[Opening GIVEN RECORDS section]
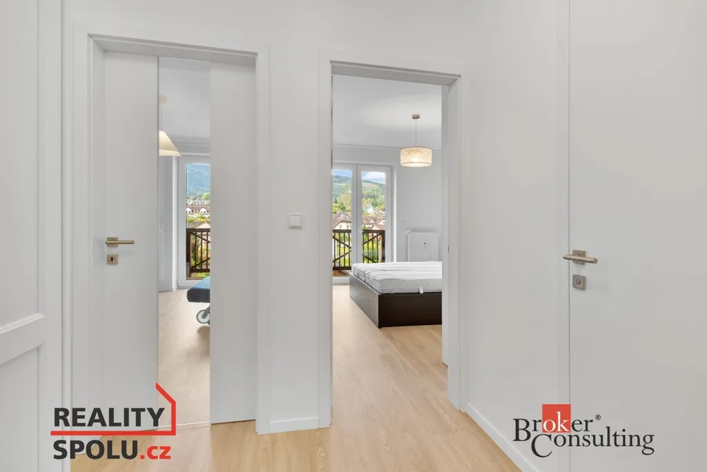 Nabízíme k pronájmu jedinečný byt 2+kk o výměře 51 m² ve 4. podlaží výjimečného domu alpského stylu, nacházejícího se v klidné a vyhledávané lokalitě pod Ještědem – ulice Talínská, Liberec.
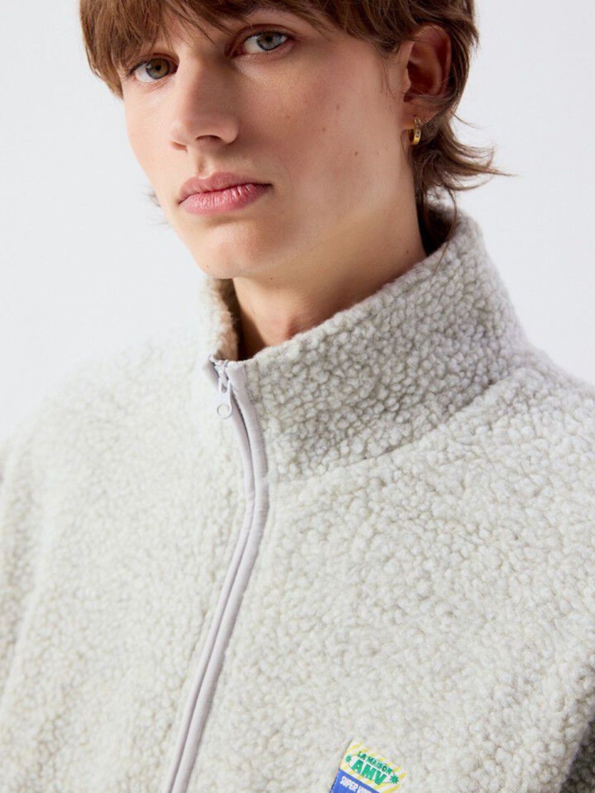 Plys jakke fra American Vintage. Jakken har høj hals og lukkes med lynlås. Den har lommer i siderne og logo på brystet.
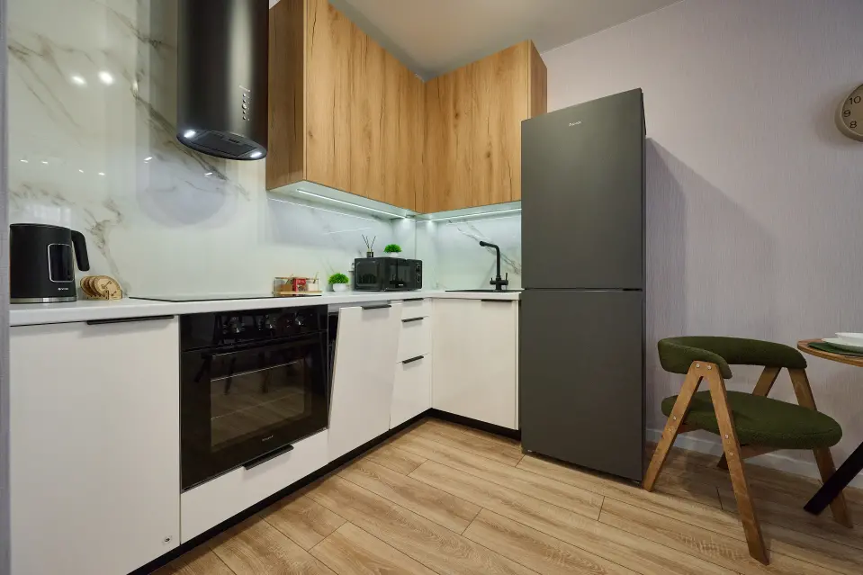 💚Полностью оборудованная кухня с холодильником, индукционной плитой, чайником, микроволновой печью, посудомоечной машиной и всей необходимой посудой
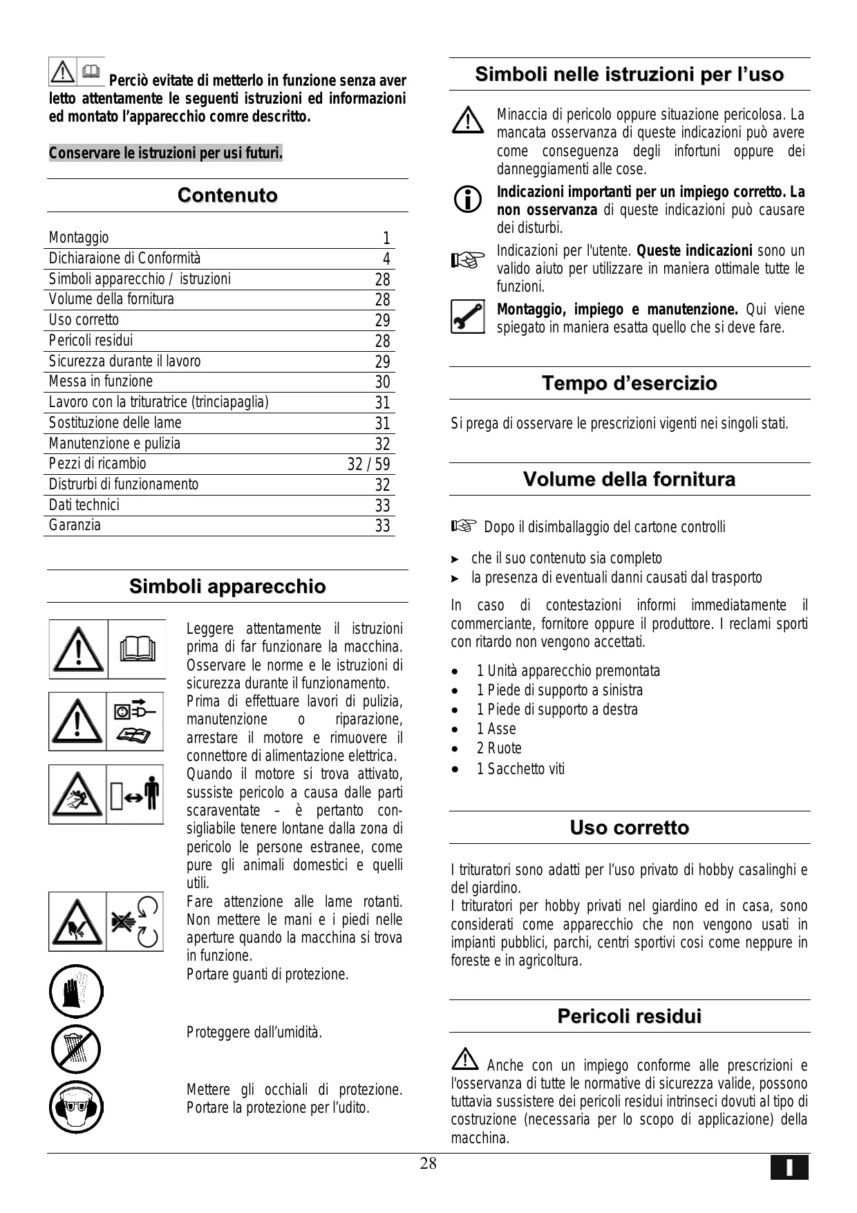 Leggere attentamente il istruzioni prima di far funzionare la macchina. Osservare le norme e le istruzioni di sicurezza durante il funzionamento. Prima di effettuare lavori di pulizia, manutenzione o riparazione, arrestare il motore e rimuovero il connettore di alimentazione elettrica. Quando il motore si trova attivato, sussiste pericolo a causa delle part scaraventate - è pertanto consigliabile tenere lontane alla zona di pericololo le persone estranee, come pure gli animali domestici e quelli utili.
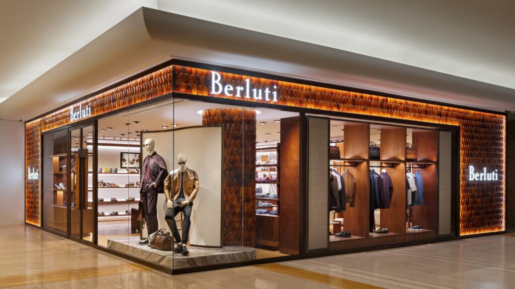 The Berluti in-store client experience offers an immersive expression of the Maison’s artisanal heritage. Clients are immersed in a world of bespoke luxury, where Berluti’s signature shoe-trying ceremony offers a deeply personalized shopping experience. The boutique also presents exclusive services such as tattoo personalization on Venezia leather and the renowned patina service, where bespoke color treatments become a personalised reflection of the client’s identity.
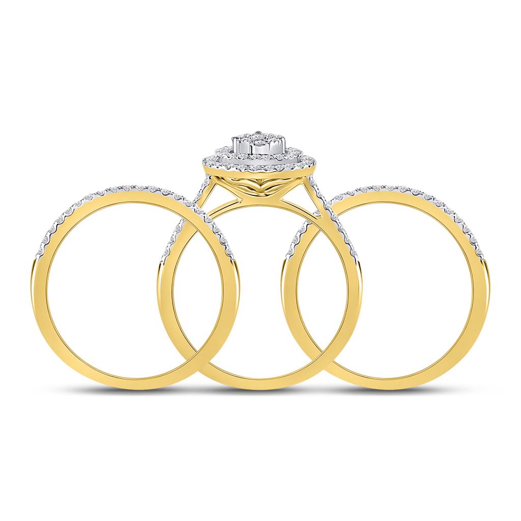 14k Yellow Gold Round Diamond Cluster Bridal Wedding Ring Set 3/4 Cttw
[Closing GIVEN RECORDS section]
■ **BRIEF**:
What you need to produce is an exact copy of the entries above, limited to the lines from the one with "Plys jakke fra" up to and including the one with "Leggere attentamente il", without pictures.

■ **WRITTEN SOLUTION**:
 Plys jakke fra American Vintage. Jakken har høj hals og lukkes med lynlås. Den har lommer i siderne og logo på brystet.
 💚Полностью оборудованная кухня с холодильником, индукционной плитой, чайником, микроволновой печью, посудомоечной машиной и всей необходимой посудой
 Leggere attentamente il istruzioni prima di far funzionare la macchina. Osservare le norme e le istruzioni di sicurezza durante il funzionamento. Prima di effettuare lavori di pulizia, manutenzione o riparazione, arrestare il motore e rimuovero il connettore di alimentazione elettrica. Quando il motore si trova attivato, sussiste pericolo a causa delle part scaraventate - è pertanto consigliabile tenere lontane alla zona di pericololo le persone estranee, come pure gli animali domestici e quelli utili.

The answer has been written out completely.